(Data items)
== == ==

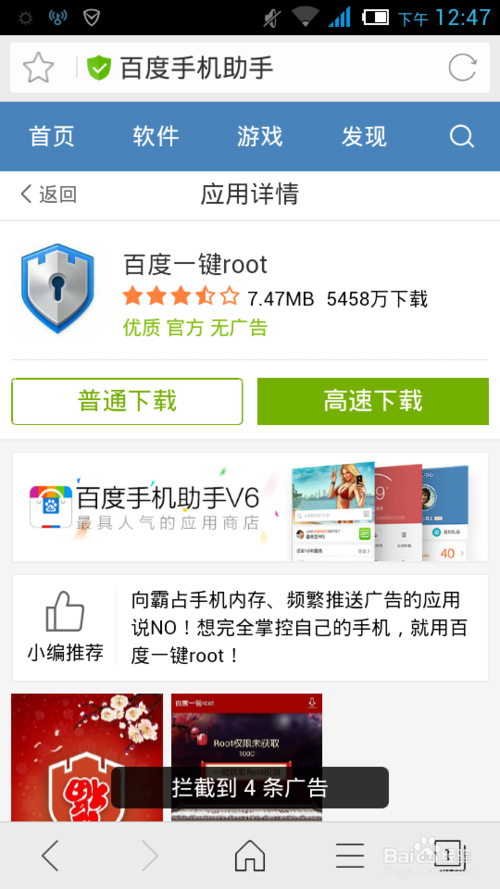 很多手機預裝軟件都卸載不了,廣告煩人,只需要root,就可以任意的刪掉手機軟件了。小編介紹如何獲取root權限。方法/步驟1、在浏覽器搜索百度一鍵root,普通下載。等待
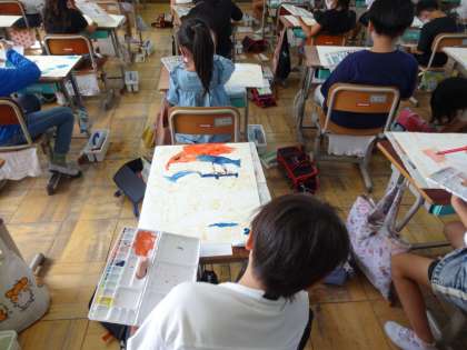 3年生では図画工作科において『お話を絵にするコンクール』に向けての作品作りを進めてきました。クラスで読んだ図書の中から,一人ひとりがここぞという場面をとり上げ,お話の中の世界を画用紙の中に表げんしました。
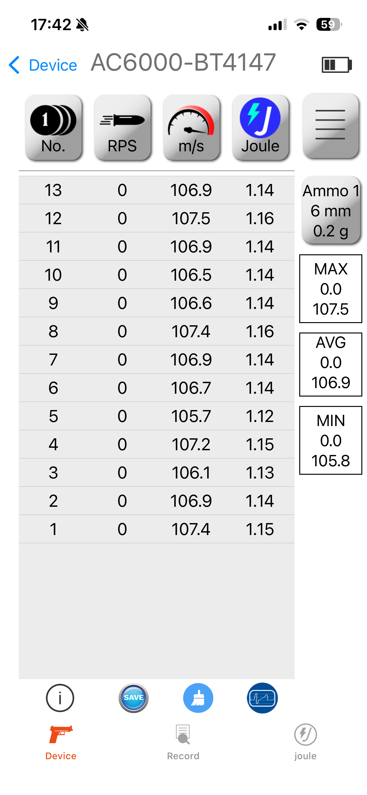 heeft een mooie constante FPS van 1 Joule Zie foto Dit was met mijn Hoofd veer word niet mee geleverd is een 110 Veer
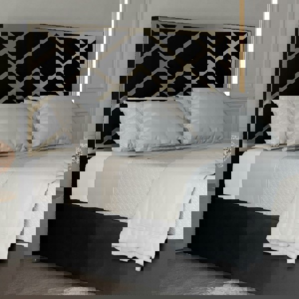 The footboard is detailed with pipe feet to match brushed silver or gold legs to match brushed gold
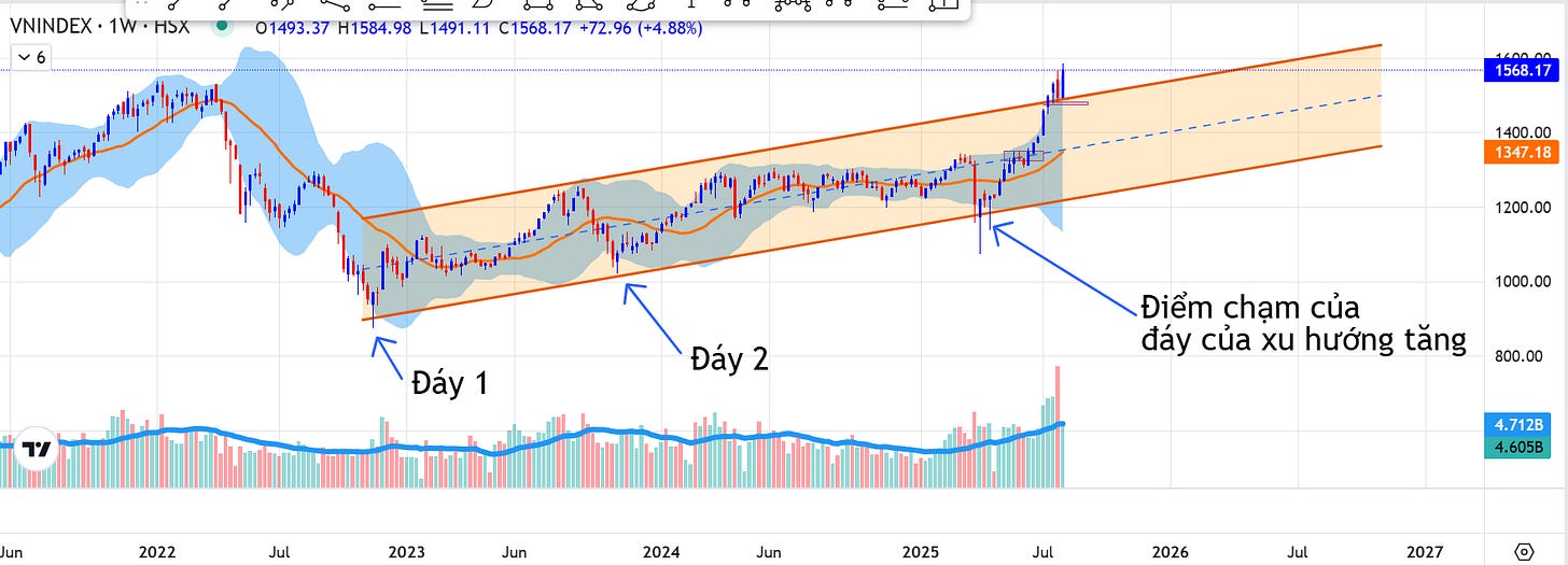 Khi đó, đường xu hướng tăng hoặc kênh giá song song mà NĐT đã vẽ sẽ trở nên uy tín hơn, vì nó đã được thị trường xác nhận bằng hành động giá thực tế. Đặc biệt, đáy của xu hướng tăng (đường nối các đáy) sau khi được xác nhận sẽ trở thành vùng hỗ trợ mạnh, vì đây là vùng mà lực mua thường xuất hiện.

== == ==

_WHAT TO DO:_ Repeat the exact lines from the first line of the data through the line containing "The footboard is". Nothing else, no pictures.

_PROBLEM SOLUTION:_
 很多手機預裝軟件都卸載不了,廣告煩人,只需要root,就可以任意的刪掉手機軟件了。小編介紹如何獲取root權限。方法/步驟1、在浏覽器搜索百度一鍵root,普通下載。等待
 3年生では図画工作科において『お話を絵にするコンクール』に向けての作品作りを進めてきました。クラスで読んだ図書の中から,一人ひとりがここぞという場面をとり上げ,お話の中の世界を画用紙の中に表げんしました。
 heeft een mooie constante FPS van 1 Joule Zie foto Dit was met mijn Hoofd veer word niet mee geleverd is een 110 Veer
 The footboard is detailed with pipe feet to match brushed silver or gold legs to match brushed gold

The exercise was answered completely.